◆ **Problem statement**
Copy out only the lines running from the one that contains "Tray realized in" through the end of the listing. Pictures stay out.

◆ **Available records**
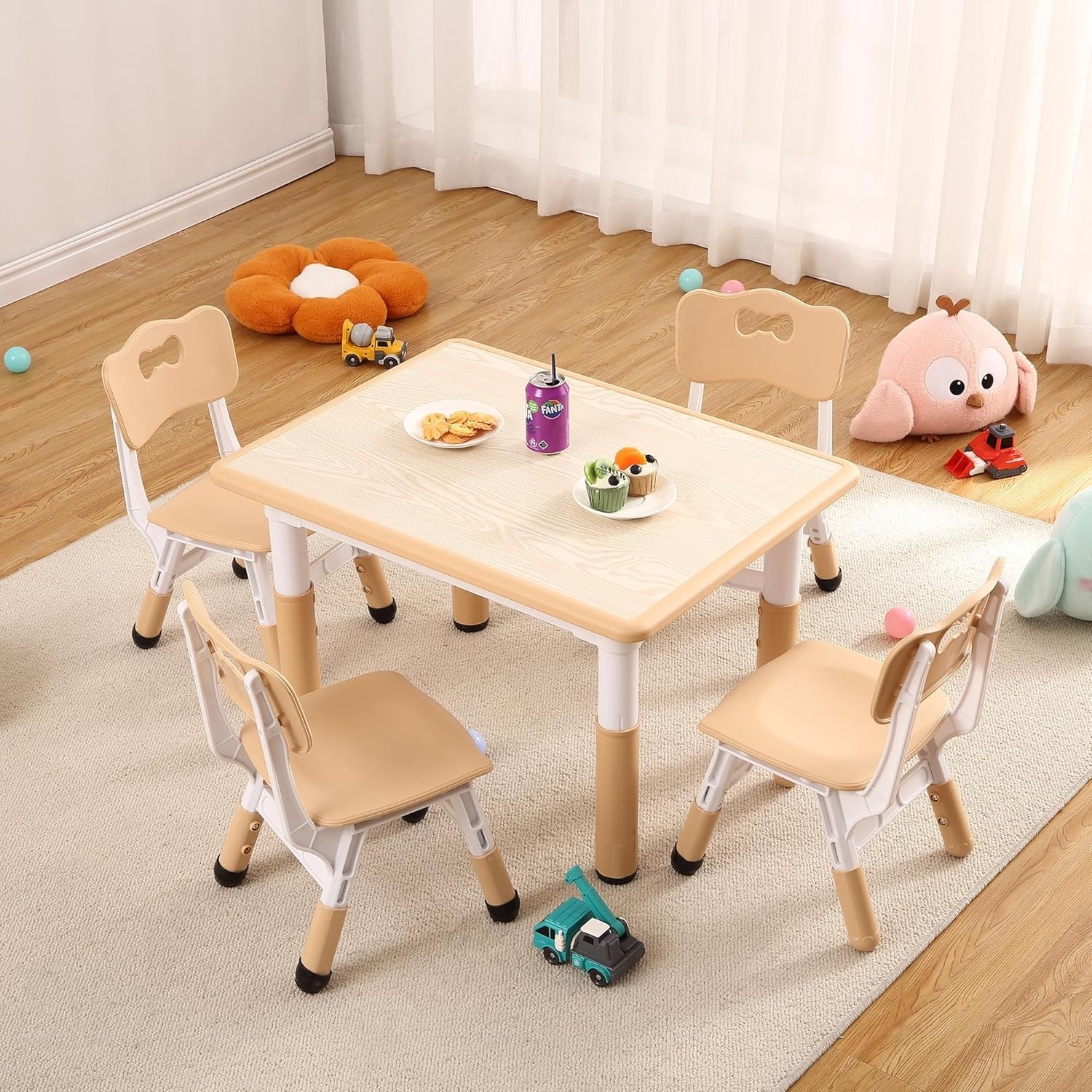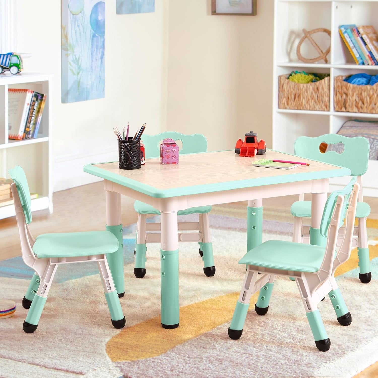 Kids Table & 4 Chairs Set, Adjustable Toddler Arts & Crafts Table for Ages 2–10, Activity Desk for Home & Classroom
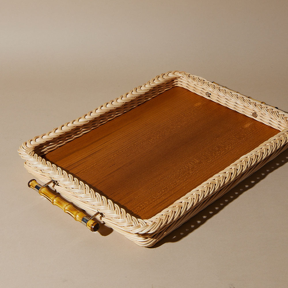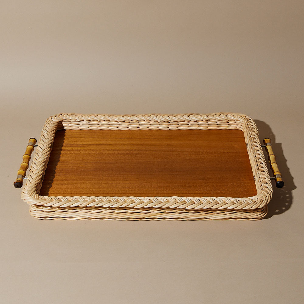 Tray realized in rattan hand woven by local artisans and teak, with bamboo handles. Large size.
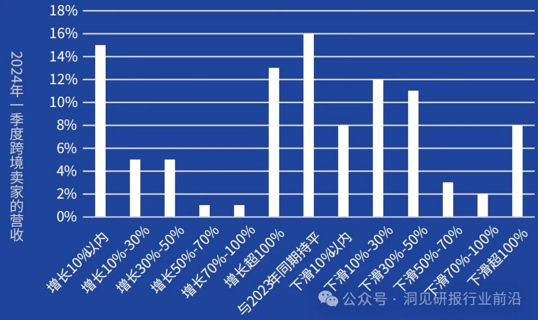 相比2023年同期,跨境电商卖家在2024年一季度的营收方面有所改善。四成卖家表示营收相比上一年同期增长,44%卖家表示营收同比下滑。
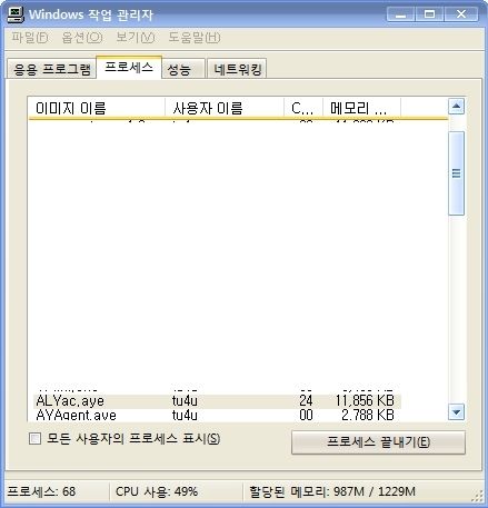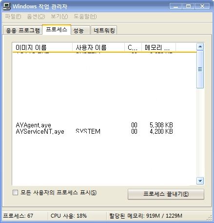 마지막으로 "실시간 감시" ON 상태의 시스템 리소스 점유율 입니다.
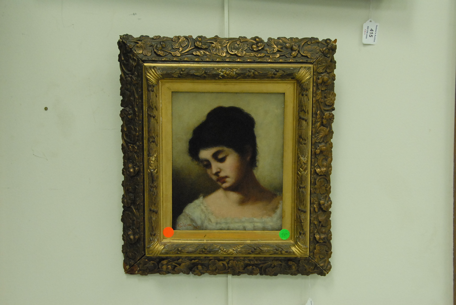 Harriet C. Lane Late 19th century bust of a young girl oil on canvas, signed lower left H. C. Lane 1885.
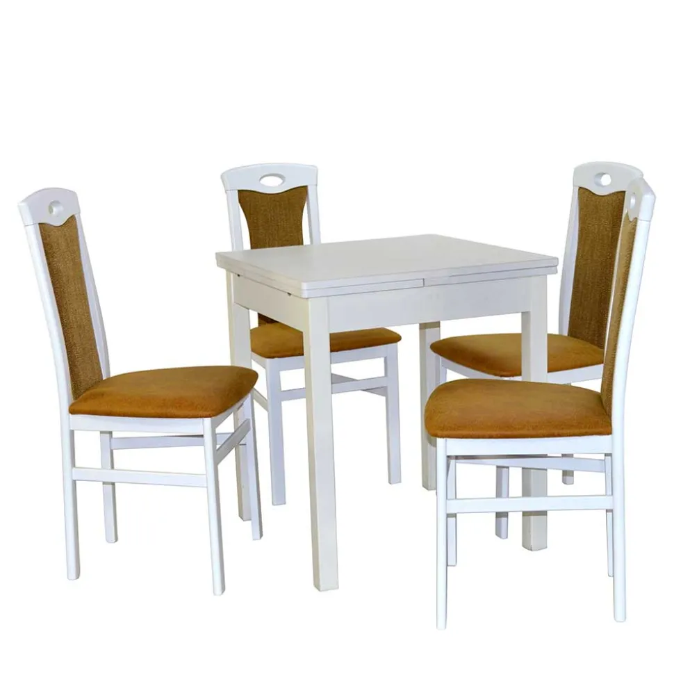 Vier formvollendete Stühle und ein geschmackvoll designter Tisch bilden gemeinsam die elegante Sitzgruppe „Calasso“. Ideal für den Essbereich, die Küche oder das Wohnzimmer, bietet dieses Set eine harmonische Kombination aus Design, Qualität und Alltagstauglichkeit. Das Zusammenspiel aus einem strahlenden Weiß und einem satten Ockergelb setzt dekorative Akzente und verleiht jedem Raum ein Gefühl von Wärme und klassischer Ästhetik.

◆ **Reply to the exercise**
 Tray realized in rattan hand woven by local artisans and teak, with bamboo handles. Large size.
 相比2023年同期,跨境电商卖家在2024年一季度的营收方面有所改善。四成卖家表示营收相比上一年同期增长,44%卖家表示营收同比下滑。
 마지막으로 "실시간 감시" ON 상태의 시스템 리소스 점유율 입니다.
 Harriet C. Lane Late 19th century bust of a young girl oil on canvas, signed lower left H. C. Lane 1885.
 Vier formvollendete Stühle und ein geschmackvoll designter Tisch bilden gemeinsam die elegante Sitzgruppe „Calasso“. Ideal für den Essbereich, die Küche oder das Wohnzimmer, bietet dieses Set eine harmonische Kombination aus Design, Qualität und Alltagstauglichkeit. Das Zusammenspiel aus einem strahlenden Weiß und einem satten Ockergelb setzt dekorative Akzente und verleiht jedem Raum ein Gefühl von Wärme und klassischer Ästhetik.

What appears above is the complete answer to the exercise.